Still, the message from the two retired generals was clear: the U.S. military had performed as well as could be expected in its final days in Afghanistan. Others, not so much.

McKenzie said the chaos was due in large part to State Department foot-dragging before it ordered a non-combatant evacuation operation, or NEO, on Aug. 14. 

“As you are aware, the decision to begin a NEO rests with the Department of State, not the Department of Defense. Despite this, we had begun positioning forces in the region as early as 9 July, but we could do nothing to commence the operation of  evacuation until NEO was declared,” Mckenzie said. 

Said Milley, “The fundamental mistake, the fundamental flaw, was the timing of the State Department call of the NEO. I think that was too slow, and too late.” 

But that error would not have had such a terrible effect if not for a series of other interconnected developments, the generals said. The most important of those: former Afghanistan President Ashraf Ghani’s hasty departure in the middle of August. 

“As soon as the [Afghanistan Security Forces] saw that, they literally took their uniforms off, put their weapons down, and it collapsed,” Milley said. “It was very, very quick.”

The abdication had a domino effect that made the situation on the ground—particularly around the airport—far worse. 

The U.S. military believed they had sufficient forces in the country to secure the airport for an evacuation in part because they thought the Afghan Security Forces would be there to back them up, McKenzie explained. The collapse of the Afghan forces forced the U.S. to bring in 6,000 additional troops. But with the exception of some special operations forces elements, U.S. forces were limited to the area immediately surrounding the airport, whereas Afghans would have been able to set up a wider security perimeter. 

“We would have been able to hold [the airport] with a far smaller number of U.S. forces had the Afghans remained, but when the government collapsed, they went away. So that had a profound and immediate effect on everything else that followed,” McKenzie said.

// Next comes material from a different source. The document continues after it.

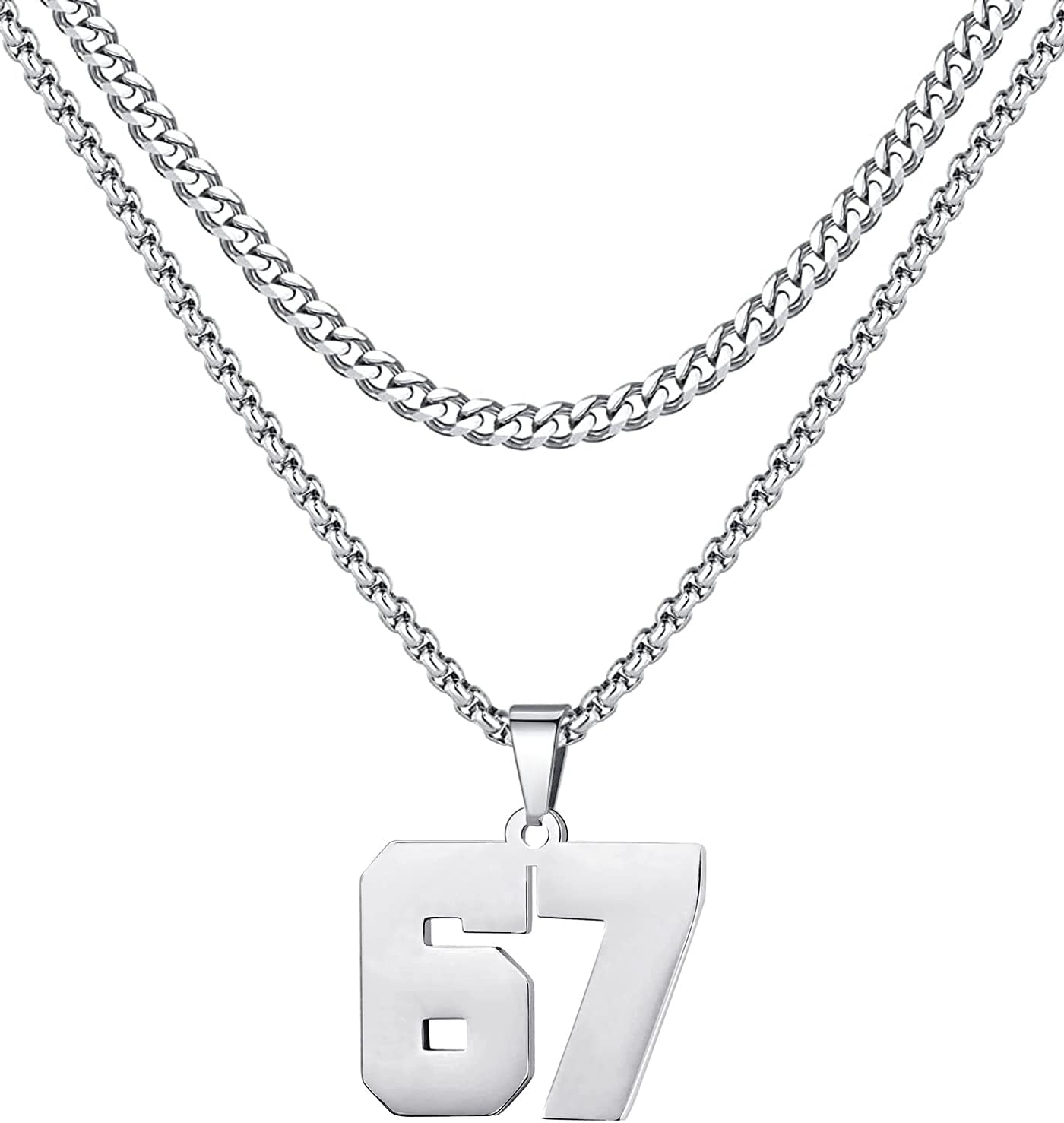Personalized Jersey Number Layered Necklaces for Men Stainless Steel Athletes Sports Number Chain for Men Baseball Basketball Football Gifts

Still, that decision by the Ghani administration was predicated on one by U.S. President Joe Biden to go beneath the number of U.S. troops that Milley and others believed was the minimum required to keep a U.S. embassy open there. Milley on Tuesday said it would have taken 5,000 troops to keep a second airfield open in Bagram, or 2,500 troops with the assistance of the Afghan Security Forces. The U.S. only had 650 in the country at the start of August.

And though Ghani’s departure played a significant role in the collapse of Afghan forces, Milley said the decision by the Trump Administration to enter into bilateral discussions with the Taliban as part of the Doha Agreement, negotiated in February 2020, was also to blame.

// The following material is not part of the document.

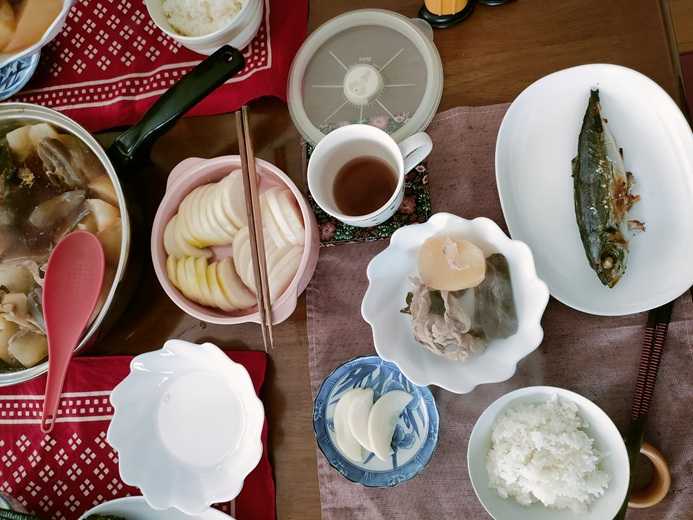 こんにちは^^今日も晴れ 気持ち良い日です^^今日はちょっと休憩気分。ほっこりゆっくりしています^^今日のお昼もよしりんの四毒抜き食事に挑戦です。今日は息子たちと鍋を囲みました^^大根 こんにゃく 豚肉 昆布で出汁を。ぬか漬けの大根鯵の塩焼きほっかほかのご飯です。今日も楽しく美味しくいただきました<m(__)m>毎日感謝です<m(__)m>

“Because it was negotiated between the government of the United States and a State Department-designated terrorist organization, the Taliban, and it was a bilateral agreement, that kind of pulled the rug out, morale-wise, from both the Afghan Security Forces and the government,” Milley said. “At that point, they knew…that there was a date certain, right. So I think that probably had a significant effect.”

Some defenders of the former president point out that while he negotiated an end to the U.S. military presence in Afghanistan, the agreement included conditions the Taliban had to meet before the withdrawal of U.S. troops. Of those, they only met one: not attacking U.S. troops.) 

But, in new testimony, Milley said that when former President Donald Trump lost his re-election bid, he promptly came up with a new plan. [Former Defense] “Secretary [Mark] Esper was removed from office on the 9th of November. On the 11th or the 12th of November, I was handed a piece of paper with the President's signature on it, which had two sentences. One was: withdraw forces from Somalia by the 15th of December, and then withdraw forces out of Afghanistan by the 15th of January.”

Milley was able to get Trump to rescind the order shortly after, but members of Trump’s cabinet and security council were operating under several conflicting interpretations about how many troops should remain in the country, right up until Trump left the White House.